西村)おふたりはこれまでに何度も能登に行っているということなのですが、直近ではいつ頃行きましたか。
山村)4月末のゴールデンウィークの最初の3連休です。3泊4日で活動しました。
西村)南さんも一緒ですか。
南)はい。山村さんと同じ日程で、僕も初めて足湯ボランティアに参加しました。
西村)参加者は、どんな手段で現地に入るのですか。
山村)関西では、社会人のドライバーボランティアに運転してもらって車で向かいます。関東勢は金沢で合流します。みんなで七尾市中島町小牧の拠点に寝泊まりしています。
西村)拠点には、寝泊まりできるスペースもあるのですね。
山村)拠点までは、車、電車、バスなどさまざまな手段で向かいます。
西村)食事はどうしているのですか。
山村)現地で何でも買えます。コンビニもスーパーも開いているので、食事に困ることはありません。
西村)滞在費はどうしているのですか。
山村)食費はすべて実費。交通費はこちらが半額負担をしています。
西村)具体的にはどんな場所でどんな活動をしているのですか。
山村)足湯ボランティアだけをする活動と思われがちなのですが、ほかにも被災家屋を片付けたり、思い出の品を探したり...と活動内容は多岐に渡ります。午前はお手伝いをして、午後に足湯ボランティアをしています。活動場所は、珠洲、輪島、七尾など能登全域です。
西村)学校の体育館などで行うのですか。
山村)学校の体育館や小さな自主避難所などです。音楽教室やガソリンスタンドで足湯ボランティアをしたこともあります。
西村)桶にお湯を張って、椅子に座ってもらって、お話を聞くのですか。
山村)はい。

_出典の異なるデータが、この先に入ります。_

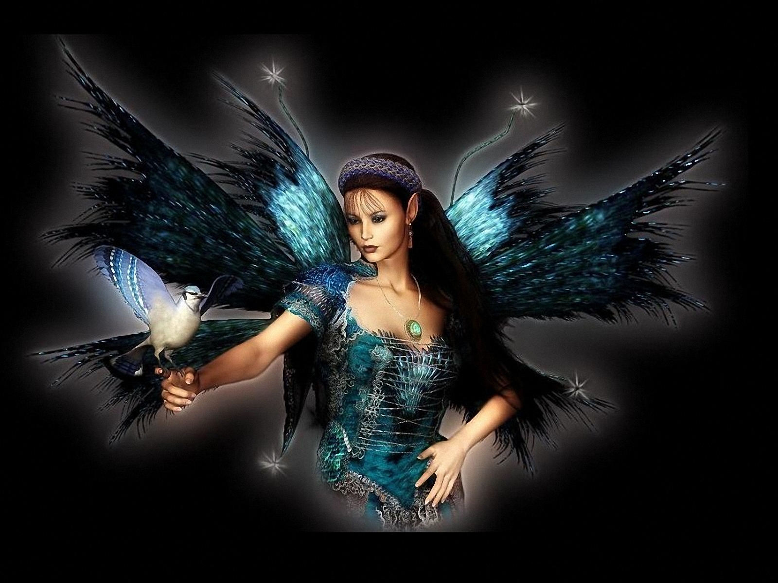 Скачать обои для рабочего стола Девушка эльф и голубь и фото

どこでもできるのが足湯の良いところです。お湯を沸かすだけで良いので。足湯用のバケツに足を入れてもらって、僕たちは手をさすりながらお話を聞きます。
西村)南さんは、今まで足湯ボランティアをしたことはあったんですか。
南)今回が初めてでした。
西村)行くまでに何か不安なことはありましたか。
南)特に不安はなかったのですが、少し緊張しました。でもいざやってみると、いろいろお話ができて良い経験になりました。

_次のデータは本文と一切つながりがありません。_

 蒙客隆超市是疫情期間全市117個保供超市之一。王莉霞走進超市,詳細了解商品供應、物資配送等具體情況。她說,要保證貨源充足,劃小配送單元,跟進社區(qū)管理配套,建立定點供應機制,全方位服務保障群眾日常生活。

西村)わたしは、マッサージをやったことがないので、マッサージしながら話を聞くのは、どんなふうにしたら良いのか戸惑いそうです。
山村)学生さんに、「被災者に聞いてはいけないことはありますか」「やったらダメなことはありますか」とよく聞かれます。僕は「基本的に聞いたらダメなことはない」と答えています。相手は被災者ですが、3~4ヶ月ぐらい前までは被災者ではなかったわけです。足湯の良いところは、支援者と被災者という関係ではなくて、人としてつながれるということ。素直な気持ちでおじいちゃんやおばあちゃん、子どもたちと話したら、喜んでもらえるし、逆にこちら側が元気をもらえることもあります。不安に思わないで、ナチュラルな気持ちで足湯ボランティアに参加してほしいです。
西村)マッサージのやり方は教えてもらえるのですか。
山村)初日に足湯講習会を開いてやり方を教えます。
西村)被災者とどんな話をしましたか。山村さんが心に残ったエピソードがあれば紹介してください。

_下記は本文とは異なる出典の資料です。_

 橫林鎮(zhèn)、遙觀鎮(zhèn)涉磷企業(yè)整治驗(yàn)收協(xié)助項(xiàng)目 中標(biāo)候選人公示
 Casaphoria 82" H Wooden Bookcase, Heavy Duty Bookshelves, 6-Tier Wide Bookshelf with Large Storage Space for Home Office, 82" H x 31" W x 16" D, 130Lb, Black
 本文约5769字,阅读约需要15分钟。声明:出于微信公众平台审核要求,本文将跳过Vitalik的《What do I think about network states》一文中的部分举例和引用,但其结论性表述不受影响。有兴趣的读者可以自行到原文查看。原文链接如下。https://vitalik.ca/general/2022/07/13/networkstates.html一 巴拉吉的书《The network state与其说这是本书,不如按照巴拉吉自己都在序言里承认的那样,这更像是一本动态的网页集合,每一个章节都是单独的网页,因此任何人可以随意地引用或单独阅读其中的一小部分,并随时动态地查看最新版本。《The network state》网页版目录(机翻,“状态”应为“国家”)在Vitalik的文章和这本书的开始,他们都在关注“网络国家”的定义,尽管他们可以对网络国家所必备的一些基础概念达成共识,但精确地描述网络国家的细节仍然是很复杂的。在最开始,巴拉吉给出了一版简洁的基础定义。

山村)印象に残っているのは...2月頭に足湯ボランティアをしたときに避難所で出会ったおばあちゃんです。これから仮設住宅の抽選が始まるという時期で、避難所には、災害復興公営住宅などさまざまな情報がホワイトボードに書かれていました。「これから仮設住宅に移れそうでよかったですね」と僕が言うと、おばあちゃんは、「もうそんなに長くないから、ここ(避難所)でいいわ。次(仮設住宅)に移らなくてもいいわ」と言っていて。僕たちが目指す復興と、おじいちゃんやおばあちゃんが目指す復興は全然ベクトルが違うと感じました。これから限界集落が広がる中で、能登の人たちにとっての本当の復興とは何か。仮設住宅を建てただけで終わりで良いのかと感じた瞬間でした。
西村)その後、おばあちゃんとは会いましたか。
山村)それっきり会っていなくて。今どうしてるのかなと思っています...。
西村)被災者は、最初からそのようにいろいろな話をしてくれるのですか。
山村)他愛のない話だけで終わってしまうときもあります。僕たちが話を求めることではないので、他愛のない話の中から出てくるつぶやきが大事だと思っています。こちら側から「被災してどうでしたか?」とはあまり聞かないですね。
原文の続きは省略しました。